WORK TASK:
Pictures aside, each entry has to be returned exactly as it stands.

RECORDS FOR PROCESSING:
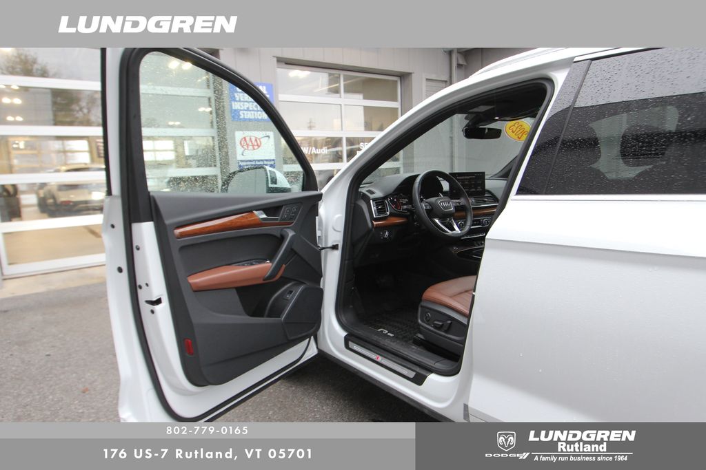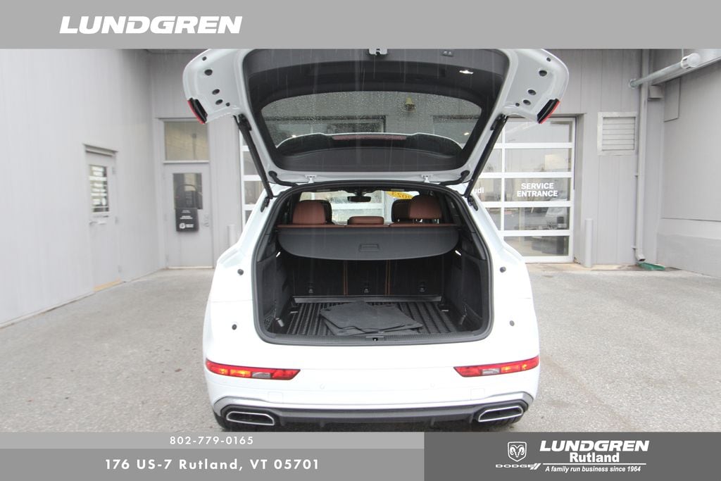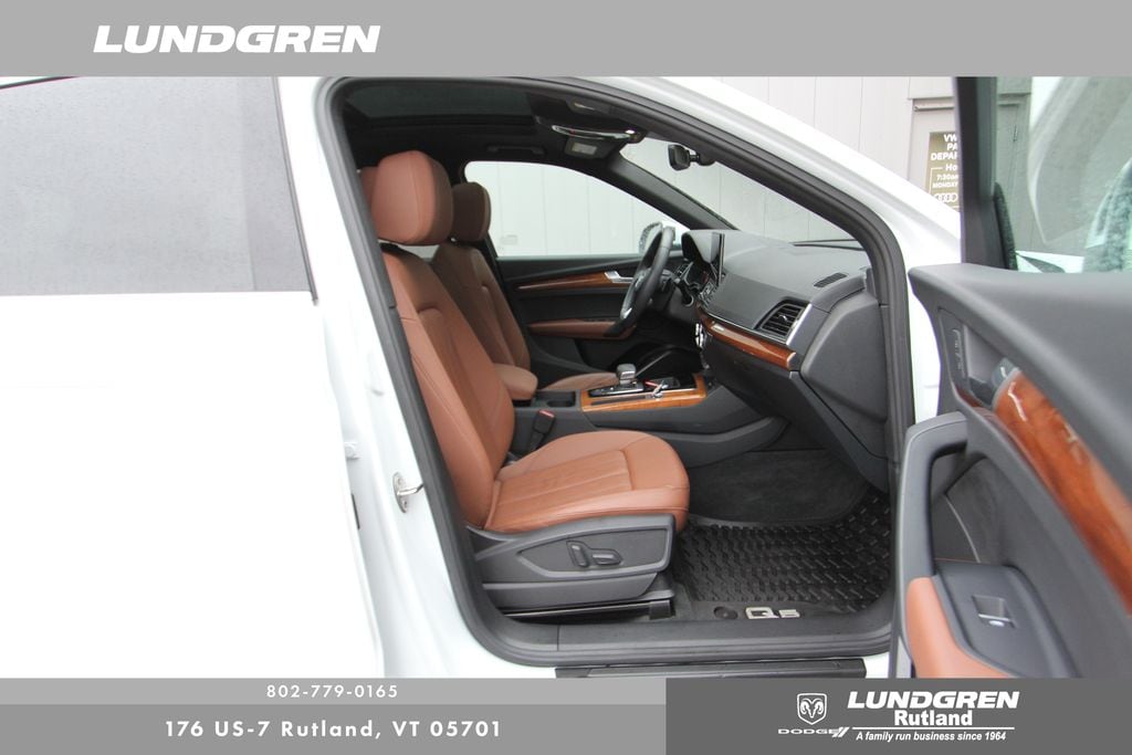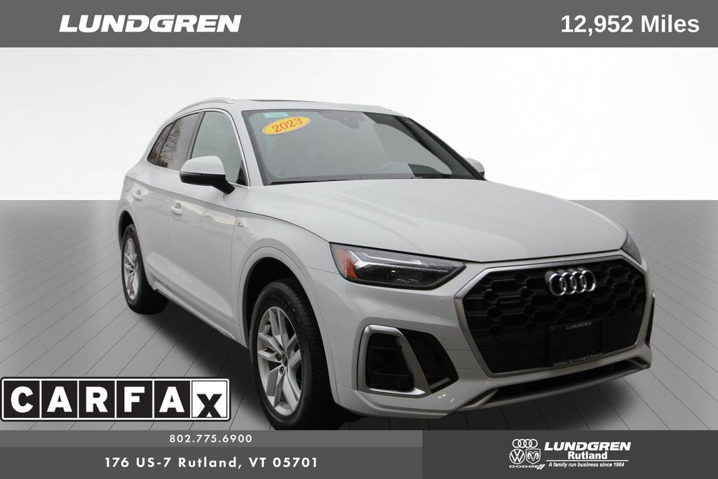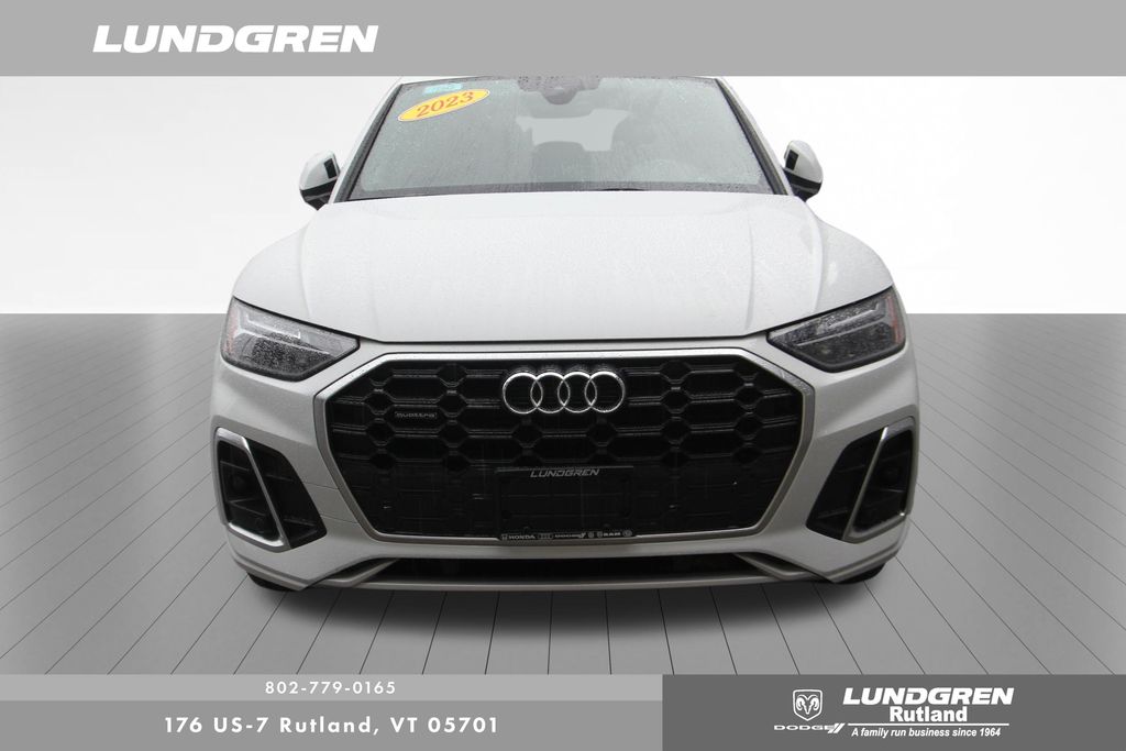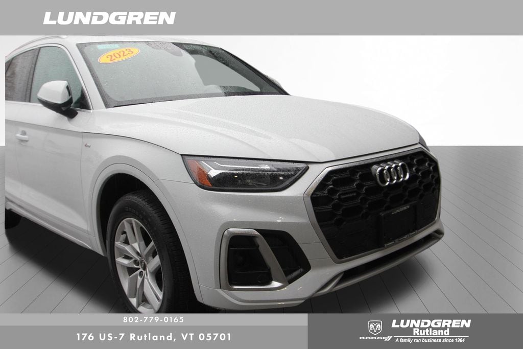Full financing options available for all levels of credit. We want your trade in! We are Carfax vehicle history certified, buy with confidence. Q5 45 S line Premium quattro, 1 Owner, Audi Advanced Key, Auto-Dimming Power Folding Exterior Mirrors, Convenience Package, Driver Seat Memory, Exterior Parking Camera Rear, Heated 8-Way Power Front Bucket Seats, Heated door mirrors, Heated front seats, Heated Steering Wheel, Leather Seating Surfaces, Panoramic Sunroof, Power Liftgate, Rear air conditioning, Remainder of factory warranty, Remote keyless entry, SiriusXM w/360L, Telescoping steering wheel, Tilt steering wheel, Wheels: 18" 5-Arm-Turbine Design. CARFAX One-Owner. 2023 Q5 Glacier White Metallic Audi 45 S line Premium quattro
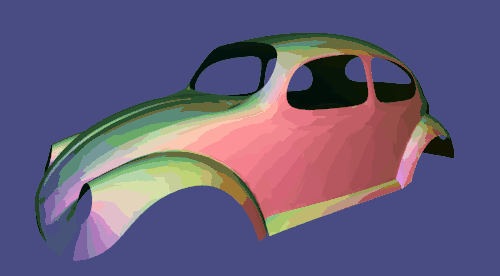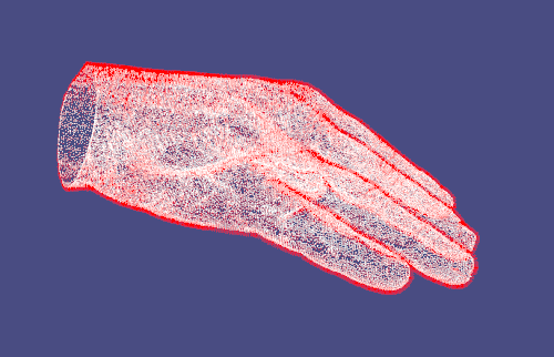 Depending on how a shape is initialized or "birthed," the shape might exist only as a nebula of sampled points that represent its surface in space. To transform the surface points into a mesh, the Poisson reconstruction[3] strategy can be employed. This method states that the indicator function, a function that determines which points in space belong to the surface of the shape, can actually be computed from the sampled points. The key concept is that gradient of the indicator function is 0 everywhere, except at the sampled points, where it is equal to the inward surface normal. More formally, suppose the collection of sampled points from the surface is denoted by , each point in the space by , and the corresponding normal at that point by . Then the gradient of the indicator function is defined as:
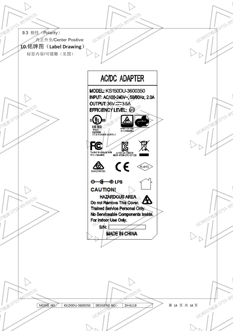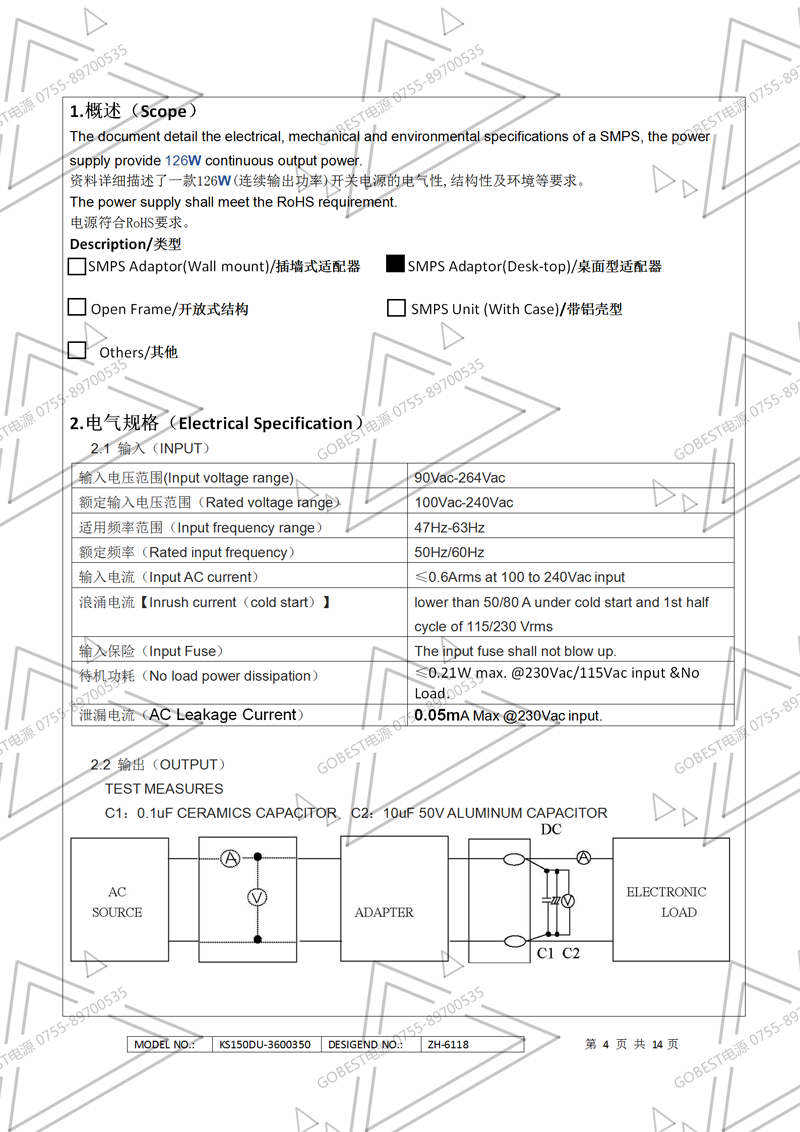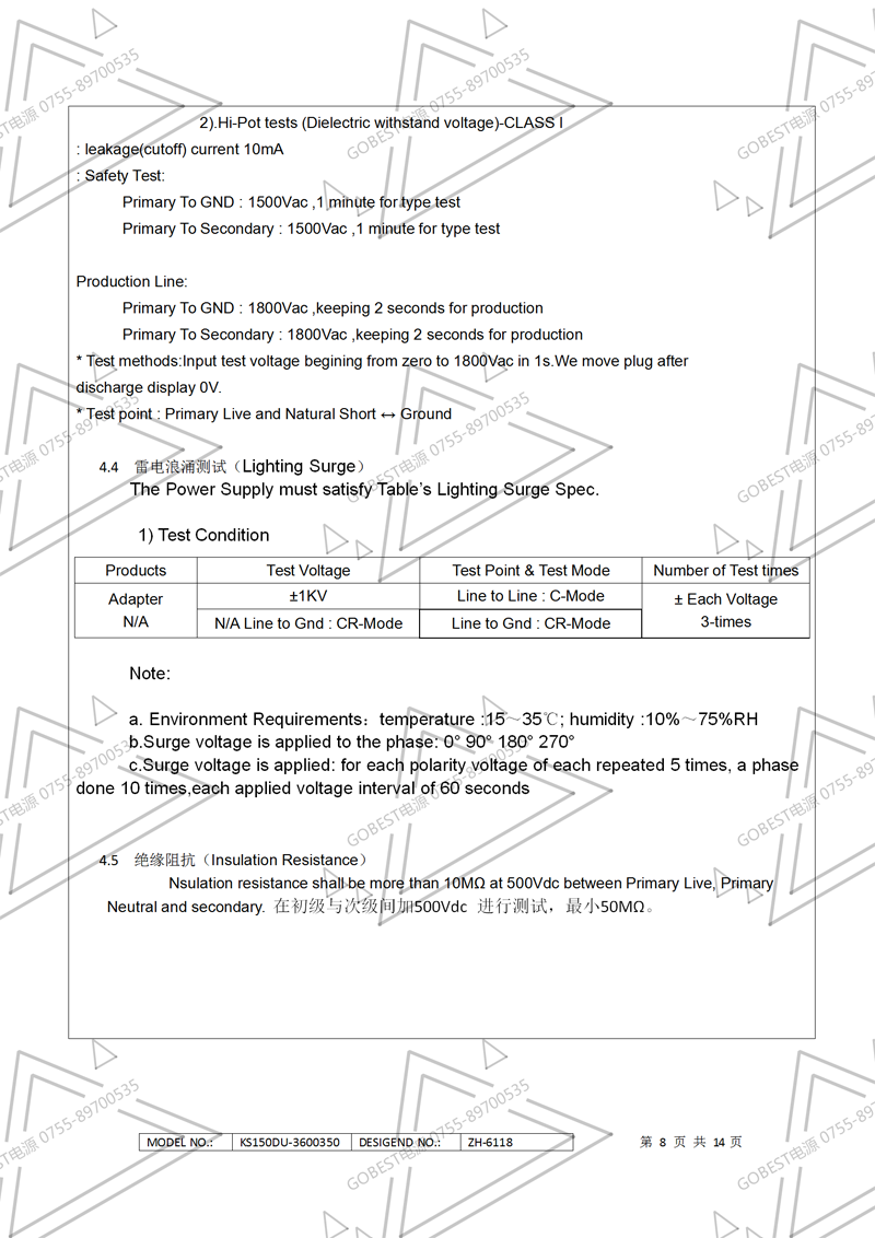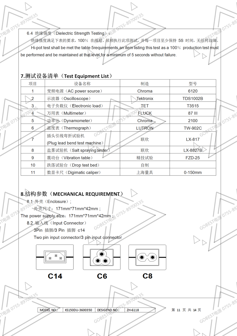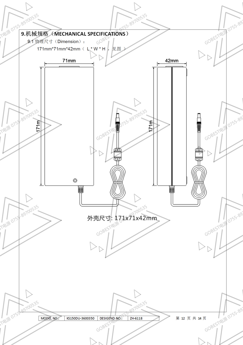 19V3.5A電源適配器規格書
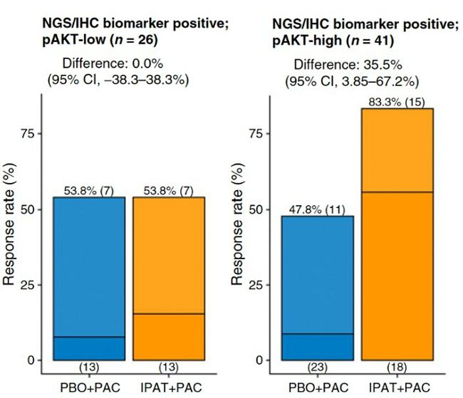 | ● | phosphorylated AKT, which is shown to be a predictor of response to the drug ipatasertib independent of the traditional biomarkers. The findings are clinically significant (95% confidence level of 4%-67% improvement over standard of care), even though the sample size is small. The study is published at https://pmc.ncbi.nlm.nih.gov/articles/PMC9377742/. |
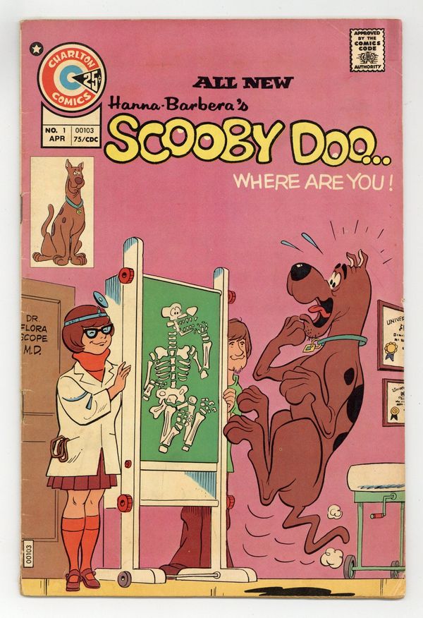 "Come Stay Awhile... Like Forever!" Scooby and his friends stay overnight at a creepy castle operated by Dr. Frankenstone! During the night Shaggy disappears; and Fred, Daphne, Velma, and Scooby have to find him before his life energy is transferred into Frankenstone's monster! "Who's Laughing in the Fun House?" Shaggy takes a job as a night watchman at an amusement park! But three secret spies cause mayhem for Shaggy and Scooby! "The Bobcat's Flying Lesson" Two-page text story (with illustrations) by Michael J. Pellowski. "Custard's Next-to-Last Stand" The Mystery Machine wanders into the middle of battle between soldiers and indians! And when Fred, Daphne, and Velma get captured; Shaggy and Scooby must lead the charge to free them! (Note: Script and art credits are not listed; however, Bill Williams is presumed to be the cover and interior artist. Full color.) 32 pages. Cover price $0.25.

RESPONSE BELOW:
Full financing options available for all levels of credit. We want your trade in! We are Carfax vehicle history certified, buy with confidence. Q5 45 S line Premium quattro, 1 Owner, Audi Advanced Key, Auto-Dimming Power Folding Exterior Mirrors, Convenience Package, Driver Seat Memory, Exterior Parking Camera Rear, Heated 8-Way Power Front Bucket Seats, Heated door mirrors, Heated front seats, Heated Steering Wheel, Leather Seating Surfaces, Panoramic Sunroof, Power Liftgate, Rear air conditioning, Remainder of factory warranty, Remote keyless entry, SiriusXM w/360L, Telescoping steering wheel, Tilt steering wheel, Wheels: 18" 5-Arm-Turbine Design. CARFAX One-Owner. 2023 Q5 Glacier White Metallic Audi 45 S line Premium quattro
 Depending on how a shape is initialized or "birthed," the shape might exist only as a nebula of sampled points that represent its surface in space. To transform the surface points into a mesh, the Poisson reconstruction[3] strategy can be employed. This method states that the indicator function, a function that determines which points in space belong to the surface of the shape, can actually be computed from the sampled points. The key concept is that gradient of the indicator function is 0 everywhere, except at the sampled points, where it is equal to the inward surface normal. More formally, suppose the collection of sampled points from the surface is denoted by , each point in the space by , and the corresponding normal at that point by . Then the gradient of the indicator function is defined as:
 19V3.5A電源適配器規格書
 | ● | phosphorylated AKT, which is shown to be a predictor of response to the drug ipatasertib independent of the traditional biomarkers. The findings are clinically significant (95% confidence level of 4%-67% improvement over standard of care), even though the sample size is small. The study is published at https://pmc.ncbi.nlm.nih.gov/articles/PMC9377742/. |
 "Come Stay Awhile... Like Forever!" Scooby and his friends stay overnight at a creepy castle operated by Dr. Frankenstone! During the night Shaggy disappears; and Fred, Daphne, Velma, and Scooby have to find him before his life energy is transferred into Frankenstone's monster! "Who's Laughing in the Fun House?" Shaggy takes a job as a night watchman at an amusement park! But three secret spies cause mayhem for Shaggy and Scooby! "The Bobcat's Flying Lesson" Two-page text story (with illustrations) by Michael J. Pellowski. "Custard's Next-to-Last Stand" The Mystery Machine wanders into the middle of battle between soldiers and indians! And when Fred, Daphne, and Velma get captured; Shaggy and Scooby must lead the charge to free them! (Note: Script and art credits are not listed; however, Bill Williams is presumed to be the cover and interior artist. Full color.) 32 pages. Cover price $0.25.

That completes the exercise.